### Supplied records
- - - -
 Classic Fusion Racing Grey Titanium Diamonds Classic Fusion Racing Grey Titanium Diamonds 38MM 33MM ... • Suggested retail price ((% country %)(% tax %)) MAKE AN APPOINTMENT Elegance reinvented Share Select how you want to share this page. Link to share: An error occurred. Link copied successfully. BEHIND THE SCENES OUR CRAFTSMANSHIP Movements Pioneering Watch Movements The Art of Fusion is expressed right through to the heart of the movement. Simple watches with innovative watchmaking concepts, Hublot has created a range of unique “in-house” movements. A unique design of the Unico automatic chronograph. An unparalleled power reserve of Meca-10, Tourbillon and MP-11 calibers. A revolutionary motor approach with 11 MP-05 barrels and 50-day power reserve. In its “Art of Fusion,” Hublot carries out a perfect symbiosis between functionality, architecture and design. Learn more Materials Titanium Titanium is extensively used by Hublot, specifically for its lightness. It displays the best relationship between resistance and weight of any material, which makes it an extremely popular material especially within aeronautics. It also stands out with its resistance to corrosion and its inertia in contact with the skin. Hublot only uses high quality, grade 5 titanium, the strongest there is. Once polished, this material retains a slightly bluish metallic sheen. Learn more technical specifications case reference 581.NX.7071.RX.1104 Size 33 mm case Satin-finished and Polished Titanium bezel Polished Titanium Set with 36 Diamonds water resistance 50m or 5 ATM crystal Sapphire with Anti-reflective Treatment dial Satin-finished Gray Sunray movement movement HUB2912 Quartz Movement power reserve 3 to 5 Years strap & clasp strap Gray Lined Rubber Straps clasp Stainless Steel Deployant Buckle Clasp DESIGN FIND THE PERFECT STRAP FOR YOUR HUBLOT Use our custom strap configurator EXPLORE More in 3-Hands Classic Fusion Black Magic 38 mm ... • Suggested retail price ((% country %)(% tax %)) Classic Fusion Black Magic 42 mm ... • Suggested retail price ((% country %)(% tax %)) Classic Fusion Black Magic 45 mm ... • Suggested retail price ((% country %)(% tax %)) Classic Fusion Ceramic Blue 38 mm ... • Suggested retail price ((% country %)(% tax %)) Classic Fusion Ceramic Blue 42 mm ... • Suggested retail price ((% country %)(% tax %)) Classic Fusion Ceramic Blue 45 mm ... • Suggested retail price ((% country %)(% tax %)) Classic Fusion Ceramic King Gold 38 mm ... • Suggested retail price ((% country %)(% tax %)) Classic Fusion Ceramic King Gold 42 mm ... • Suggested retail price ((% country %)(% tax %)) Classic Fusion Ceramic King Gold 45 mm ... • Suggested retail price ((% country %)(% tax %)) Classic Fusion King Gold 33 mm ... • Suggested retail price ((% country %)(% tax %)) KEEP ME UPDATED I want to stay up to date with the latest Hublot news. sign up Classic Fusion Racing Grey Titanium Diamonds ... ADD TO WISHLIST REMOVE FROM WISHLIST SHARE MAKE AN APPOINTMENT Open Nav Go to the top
- - - -
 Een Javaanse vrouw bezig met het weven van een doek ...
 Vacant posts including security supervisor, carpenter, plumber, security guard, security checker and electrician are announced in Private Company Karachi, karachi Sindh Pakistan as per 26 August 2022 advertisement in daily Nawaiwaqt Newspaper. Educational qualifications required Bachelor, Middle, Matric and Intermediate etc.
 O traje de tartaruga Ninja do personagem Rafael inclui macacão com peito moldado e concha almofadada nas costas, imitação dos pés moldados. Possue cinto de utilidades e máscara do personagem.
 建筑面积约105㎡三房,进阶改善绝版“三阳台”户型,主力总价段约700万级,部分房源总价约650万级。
- - - -
### Description of the task
Copy out only the lines above from the one with "Een Javaanse vrouw" to the one with "O traje de tartaruga", inclusive, exactly as they stand.

### Response to the exercise
 Een Javaanse vrouw bezig met het weven van een doek ...
 Vacant posts including security supervisor, carpenter, plumber, security guard, security checker and electrician are announced in Private Company Karachi, karachi Sindh Pakistan as per 26 August 2022 advertisement in daily Nawaiwaqt Newspaper. Educational qualifications required Bachelor, Middle, Matric and Intermediate etc.
 O traje de tartaruga Ninja do personagem Rafael inclui macacão com peito moldado e concha almofadada nas costas, imitação dos pés moldados. Possue cinto de utilidades e máscara do personagem.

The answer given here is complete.